- _DATA TO EXAMINE_
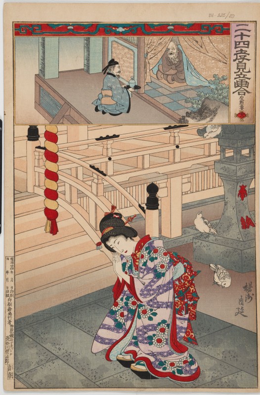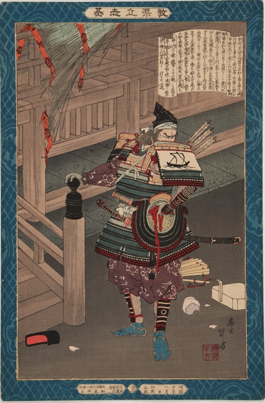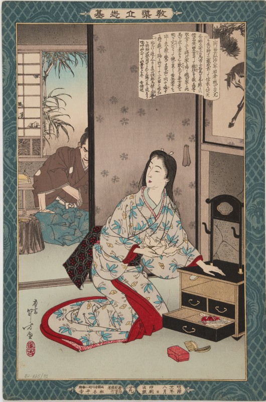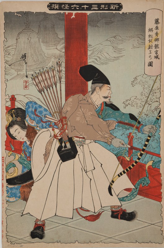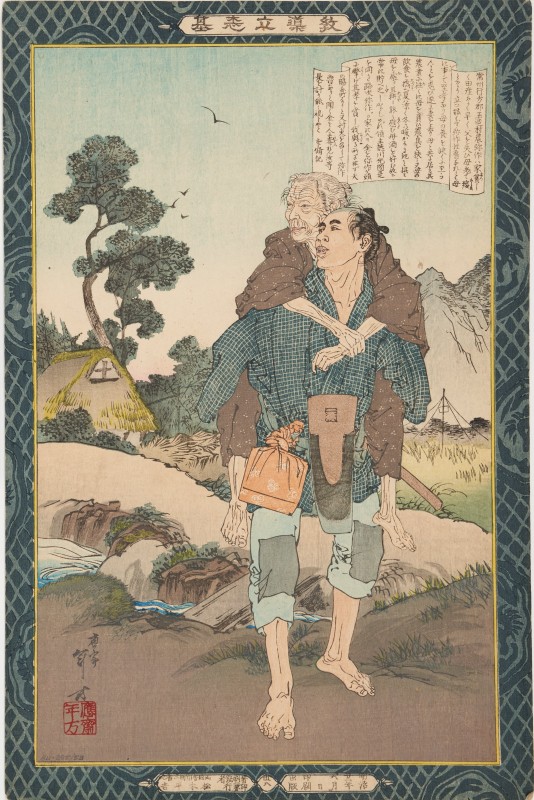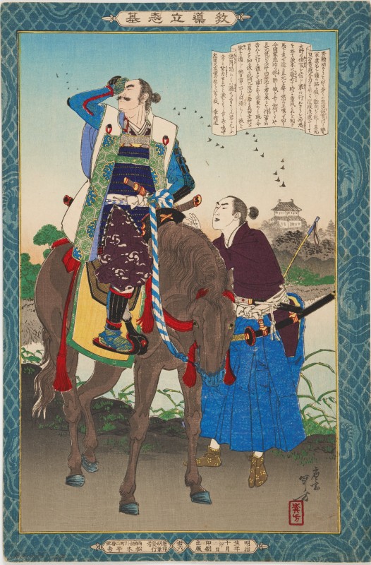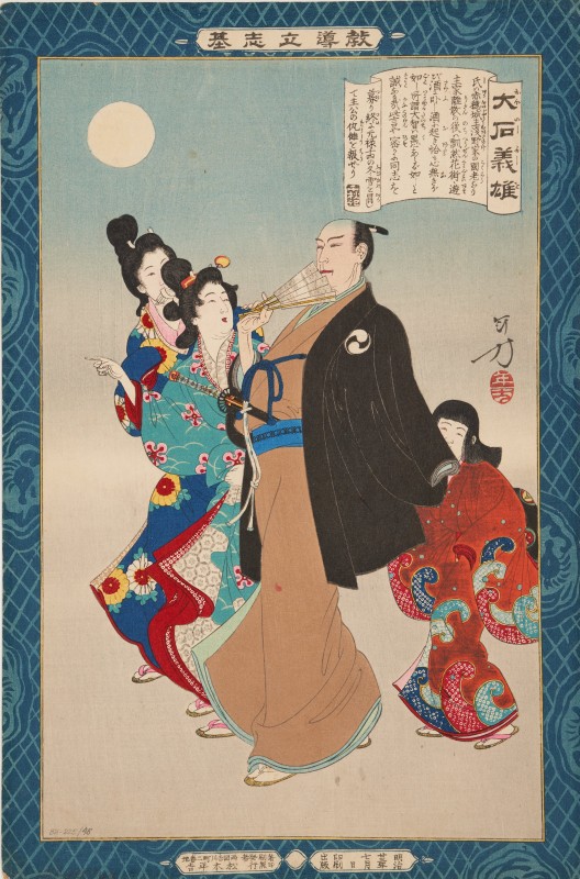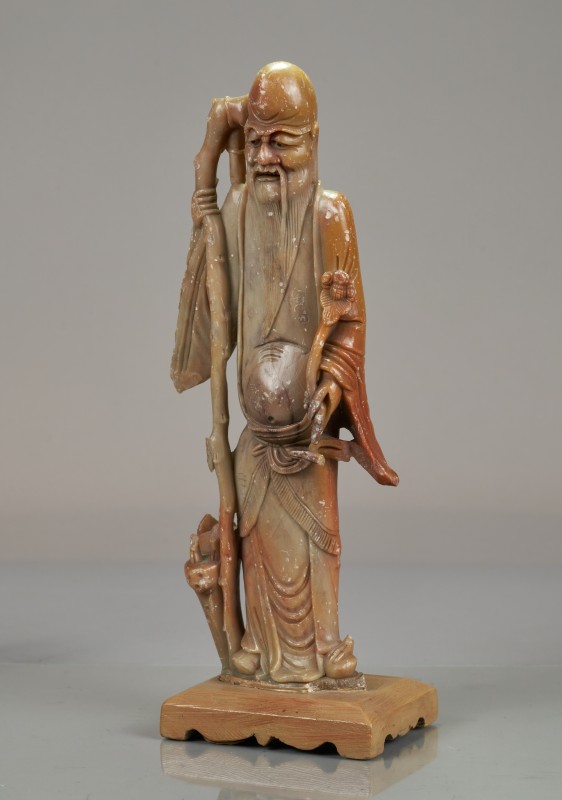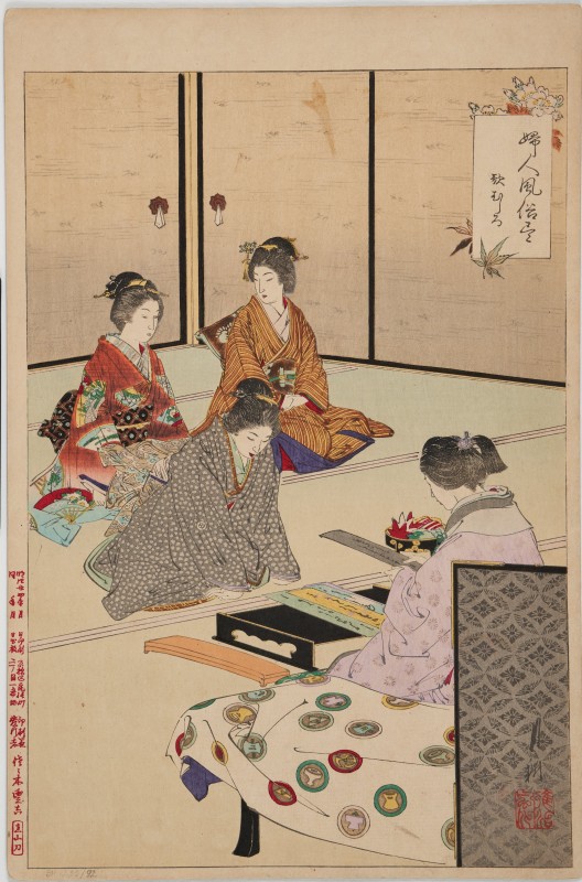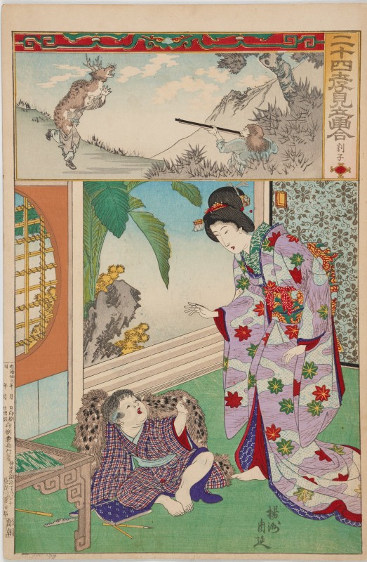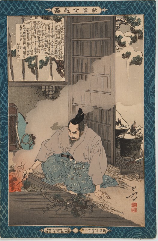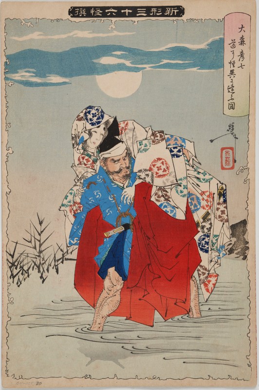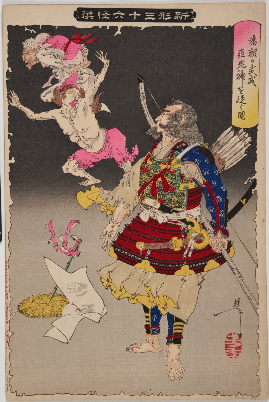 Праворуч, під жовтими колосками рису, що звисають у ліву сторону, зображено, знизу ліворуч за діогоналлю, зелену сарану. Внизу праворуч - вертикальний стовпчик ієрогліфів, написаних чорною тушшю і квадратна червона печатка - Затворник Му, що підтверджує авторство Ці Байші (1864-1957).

==

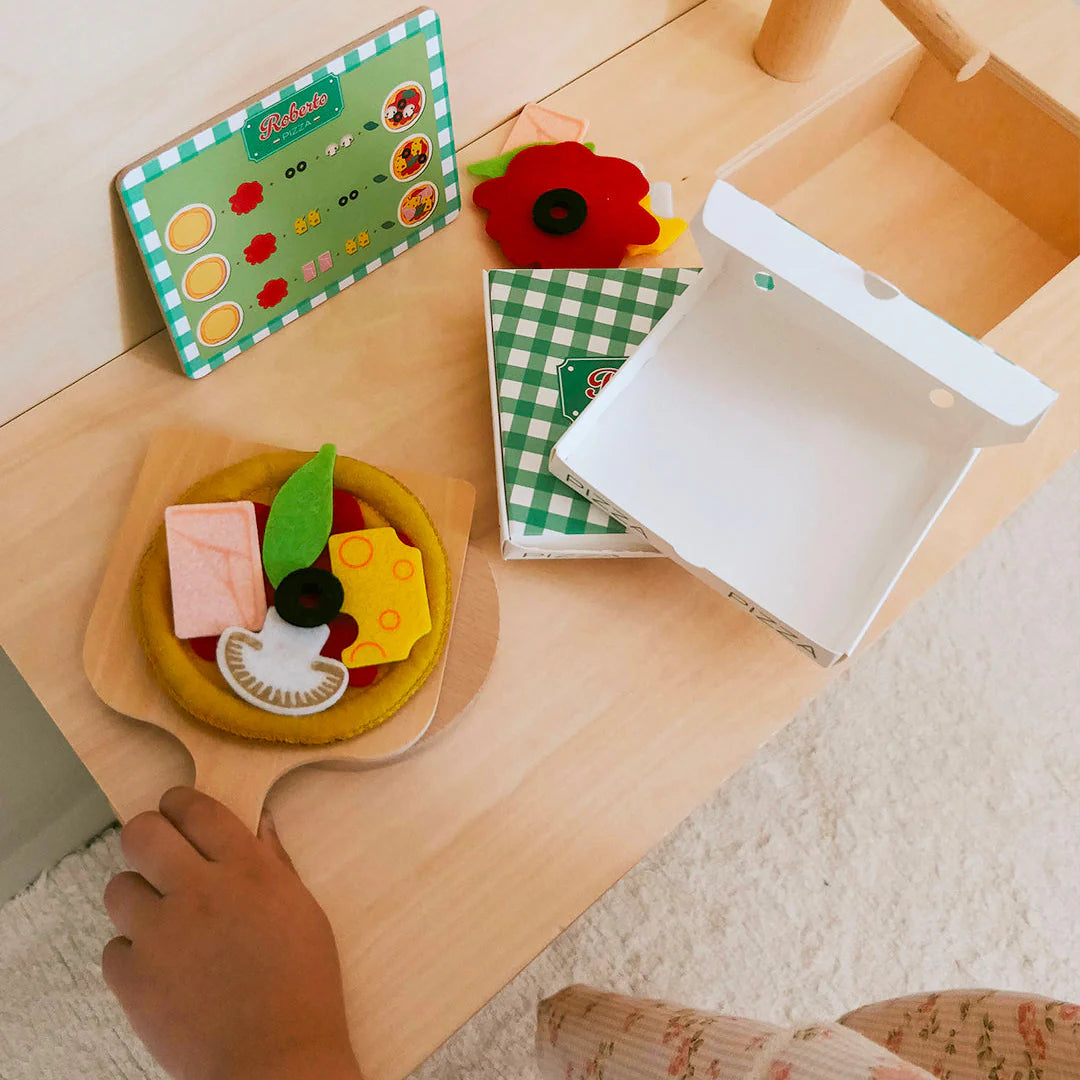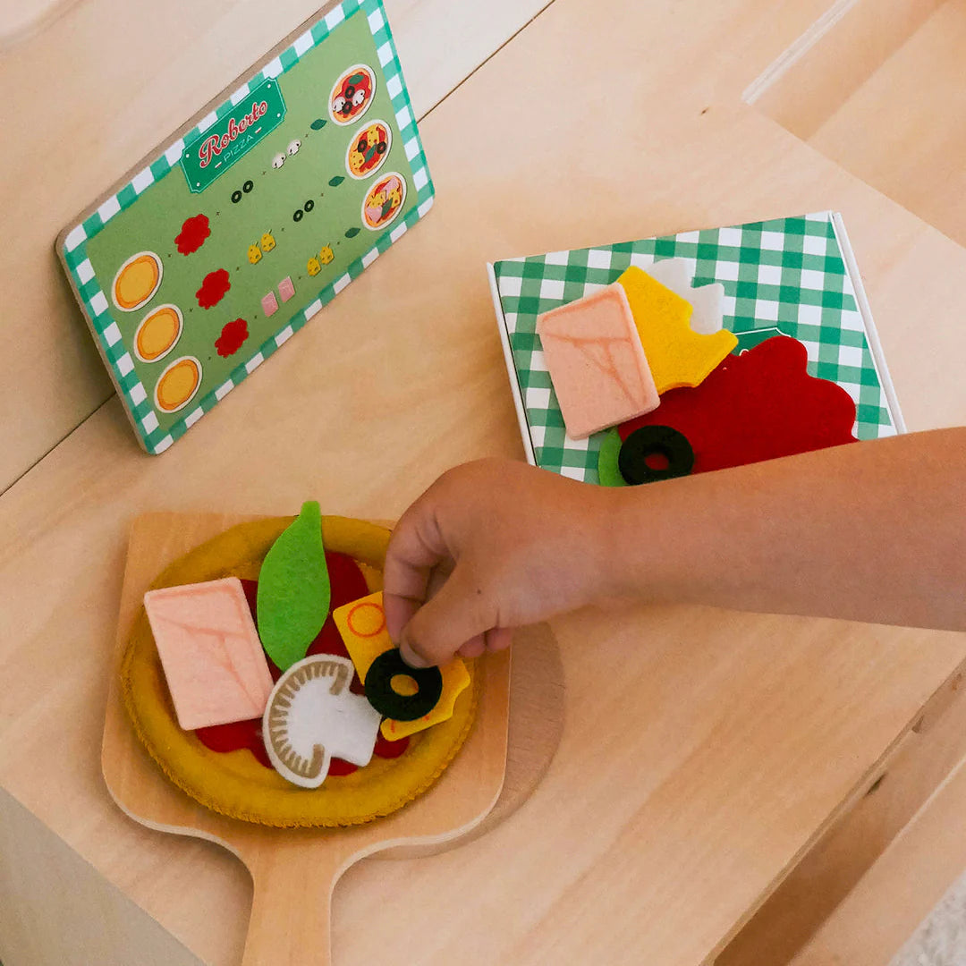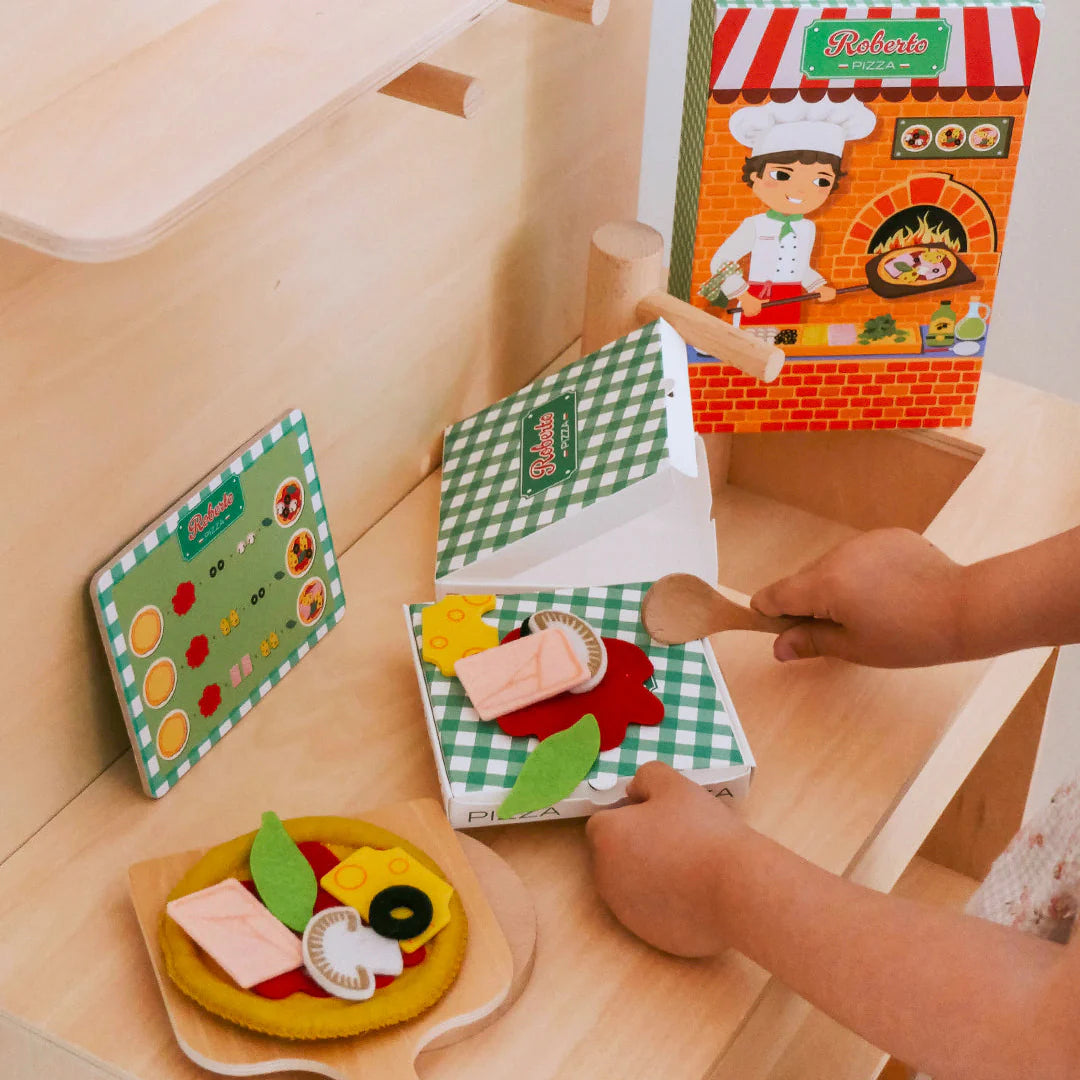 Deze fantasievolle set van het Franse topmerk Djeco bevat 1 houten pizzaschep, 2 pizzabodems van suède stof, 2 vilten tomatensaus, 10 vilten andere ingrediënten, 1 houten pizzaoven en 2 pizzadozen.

==

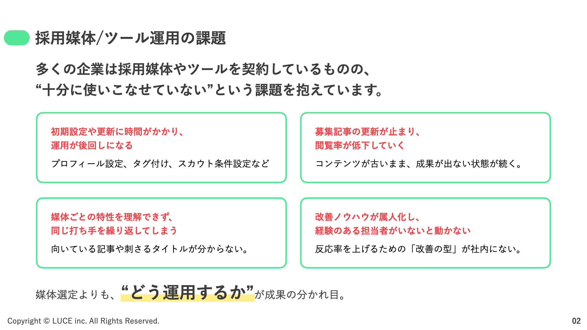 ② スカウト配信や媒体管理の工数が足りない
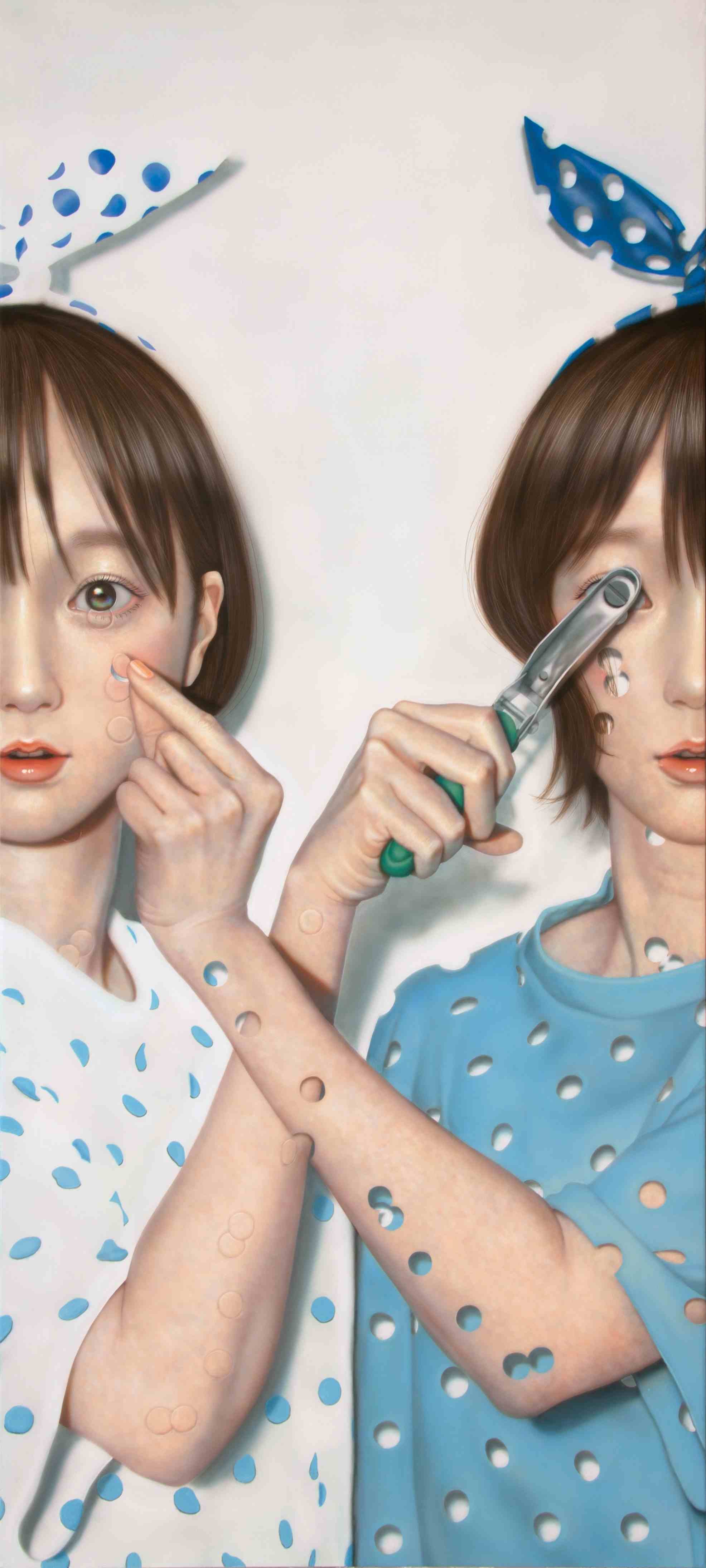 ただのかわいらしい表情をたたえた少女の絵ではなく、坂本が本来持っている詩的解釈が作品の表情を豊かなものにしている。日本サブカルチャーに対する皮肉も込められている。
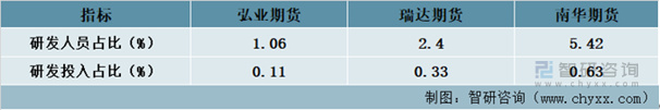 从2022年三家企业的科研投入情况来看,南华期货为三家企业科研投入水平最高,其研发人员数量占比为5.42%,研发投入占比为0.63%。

- _WHAT YOU WILL DO_
Starting at the line above that holds "ただのかわいらしい表情をたた", repeat every line exactly down to and including the line that holds "从2022年三家企业的科研投", then stop. Do not carry over any pictures.

- _EXERCISE OUTPUT_
 ただのかわいらしい表情をたたえた少女の絵ではなく、坂本が本来持っている詩的解釈が作品の表情を豊かなものにしている。日本サブカルチャーに対する皮肉も込められている。
 从2022年三家企业的科研投入情况来看,南华期货为三家企业科研投入水平最高,其研发人员数量占比为5.42%,研发投入占比为0.63%。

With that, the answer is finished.